From the programmer's perspective, the segment address specifies the region of memory (referred to as a "segment") and the offset address specifies the location within the region. Because the least significant 4 bits of the segment address are cleared in the process of generating the physical address, segments must start on 16 byte boundaries. Because the offset address is a 16-bit value, the maximum segment size is 65,536 bytes (2^16).

For example:

The BIOS Data Area is a 256-byte block of memory at segment address 40h that the system BIOS uses as a data segment. The BIOS maintains a 32-bit count of timer ticks since midnight at offset 6Ch in the BIOS Data Area. The address of the count in segment:offset format would be 0040:006C, and the physical (AKA absolute) address would be 046Ch:

0040h SHL 4 = 0400h
0400h + 006Ch = 046Ch


To access this count in code you would normally load the segment address into a segment register, and (for 16-bit code) the offset address into a base or index register:

mov  ax, 40h
mov  es, ax
mov  bx, 4ch


You could then read the count into the DX:AX register pair with:

mov  ax,es:[bx]
mov  dx,es:[bx+2]


The ES segment override is necessary because MOV, like most instructions that access data, uses DS by default.

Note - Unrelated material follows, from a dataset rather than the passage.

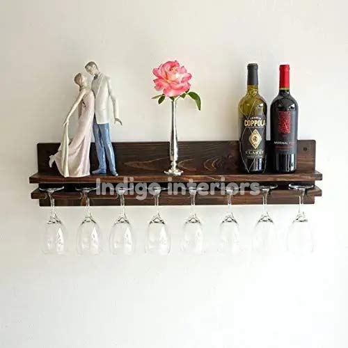 - Multi-Functional: You can use this wall ledge to store bottles or you can display your favorite family pictures on top and glasses in bottom. Make a statement by storing up to 6 to 7 wine bottles and 8 wine glasses depending on the size.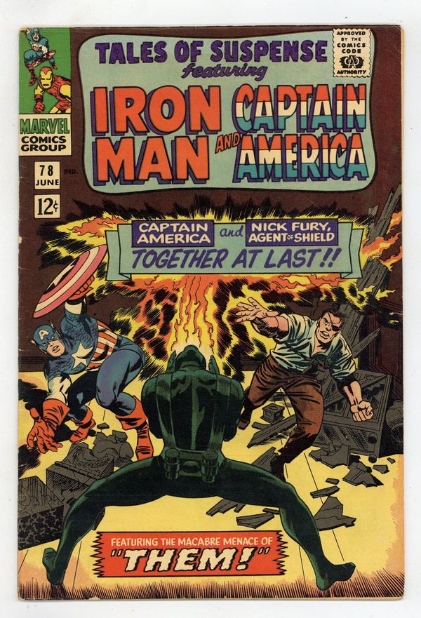 Cover pencils by Jack Kirby, inks by Frank Giacoia. "Crescendo!", script by Gene Colan (co-plot) and Stan Lee (co-plot, dialogue), pencils by Gene Colan, inks by Jack Abel (as Gary Michaels); Iron Man defeats Ultimo by tricking the monstrous android into setting off a long-dormant volcano; The Mandarin believes Tony Stark is dead, and vows Ultimo will live again; Shellhead steals a Commie jet and narrowly avoids getting shot down by US fighters. "Them!", script by Jack Kirby (plot) and Stan Lee (co-plot, dialogue), pencils by Jack Kirby, inks by Frank Giacoia; While Cap is in the middle of a training exercise involving flying "shock rollers," he's surprised to see Nick Fury turn up looking for info on a secret organization known only as "THEM"; As they talk, a strange flying craft lands outside Avengers Mansion, and a large, deadly "chemical android" attacks. 36 pages, full color. Cover price $0.12.

Because the absolute address will fit into a 16-bit register, you could just as well access the count relative to segment 0, in which case the address of the count in segment:offset format would be 0000:046C, and the absolute address would be the same 046Ch.

eschew obfuscation

ambir

Ok, thanks a ton, i have better understanding of it now. But you moved the post because it isn't neccesary to learn how to use segments and offsets in win32 masm programming?

MichaelW

For Win32 you do use offset addresses (32-bit), but you do not normally do anything with segment addresses, and only rarely with segment registers. Segment registers contain segment addresses, as I described, only for 'real' mode. For 'protected' mode the segment registers contain 'selectors', which are essentially pointers to segment 'descriptors', which are essentially data structures that specify the segment characteristics, base address, size, etc. Windows sets up and controls the segments and the segment registers. So for Win32 programming, knowledge of real mode segment addressing is essentially useless. In the unlikely event that you did anything with structured exception handling, you would need to know how to do a segment override.